Hello, I’m Dalia. In this video I want to
give you a quick introduction to Docker and cover the most important concepts you
need to understand to start using Docker. I'll be using a java application for my examples but the same basic concepts apply for any
technology you're using for your applications. Let’s say you have an application written in Java
- a simple Hello World application for example. You run it and it prints Hello World as expected. In order for this application to run, your source code is compiled into class
files that are executed by the JVM. The JVM is in charge of interpreting
your application according to your operating system - and all of this
is sitting on top of your hardware. Now you have a co-worker who wants to run your
application. If the co-worker has a JVM already, you can just package your Hello World
application into a jar and send it over to them. Your co-worker can then take
this jar and run your application with a one-line command and
get your Hello World! Message. In this scenario, we may not
see the benefit of Docker. So, let’s explore a more realistic scenario. You have a web application and you’re using a
variety of technologies - maybe your application is using a database (for example, MySQL or
MongoDB) - maybe it’s using an application server (like Tomcat or Open Liberty)

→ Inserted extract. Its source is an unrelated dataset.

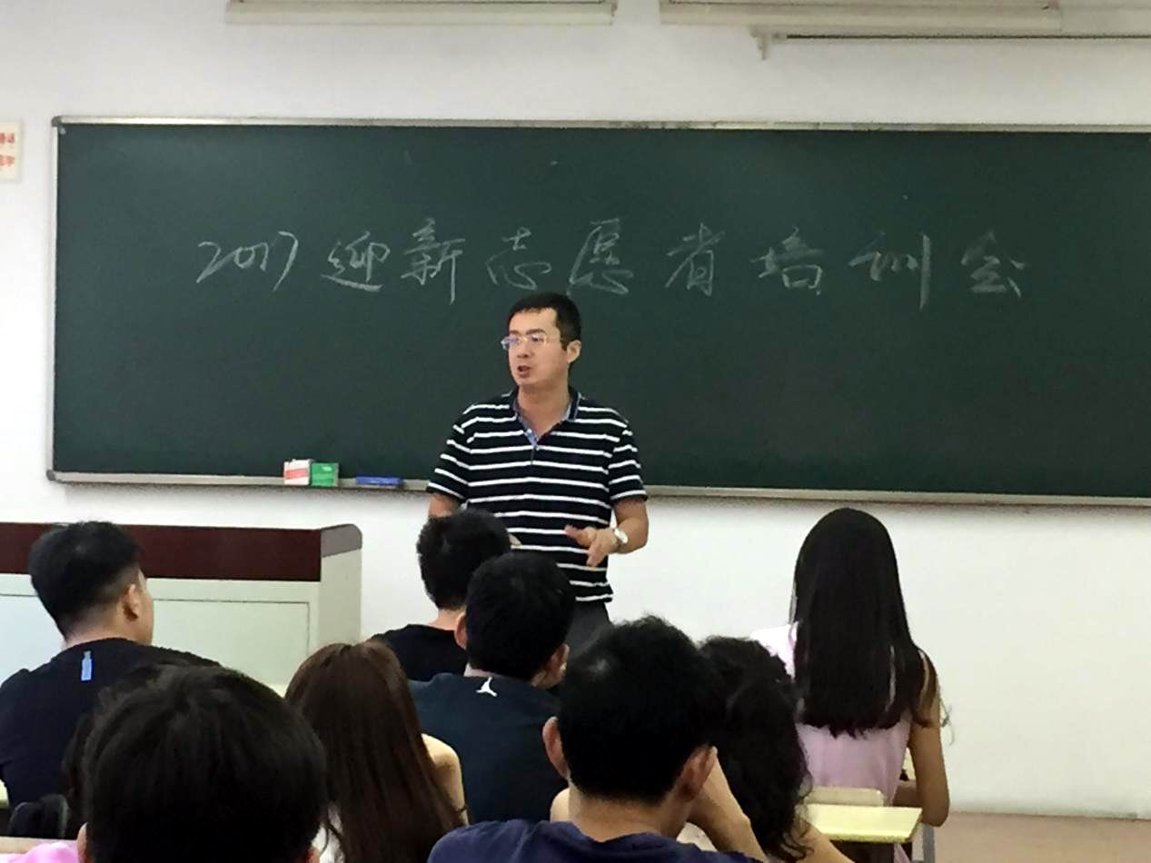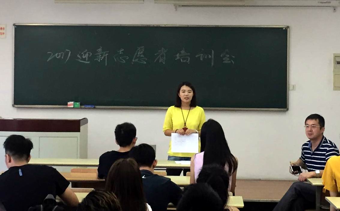 9月13日, 2017级新生报到前夕,汽车工程学院学生工作办公室在教学楼B102开展志愿者培训会,此次培训会由学院学生工作办公室任倩琳主持,学院党委副书记马建立莅临现场并总结讲话,学院专职辅导员苏鹏源、驻楼辅导员肖文文、姚译然出席,40多名志愿者参与培训会。

- and this is all sitting on your JVM. You run your web application and
it works great on your machine. At this point, you want to share it with a
co-worker. So you package it up into a war and send it over to your
co-worker to run on their machine. In this case, your co-worker can’t simply run
one command and get your application up and running like our previous scenario. They have
to setup their database – maybe you even offer to help them with that but you find out they’re
using MacOS and you’re on Windows so you slowly withdraw your offer and tell
them they're on their own. They go off and spend a bunch of time
figuring out how to install the database. They get it setup and they’re
excited to get the app running. You tell them, oh yeah, you also have
to setup the application server too. They do that and finally
they have their full stack. Then, they go to run the application but then
they message you and tell you the app won’t start. Your first response is, “but
it works on my machine!”. You start debugging and you discover
that they’re using Java 8 and you used a new feature only available in Java 11.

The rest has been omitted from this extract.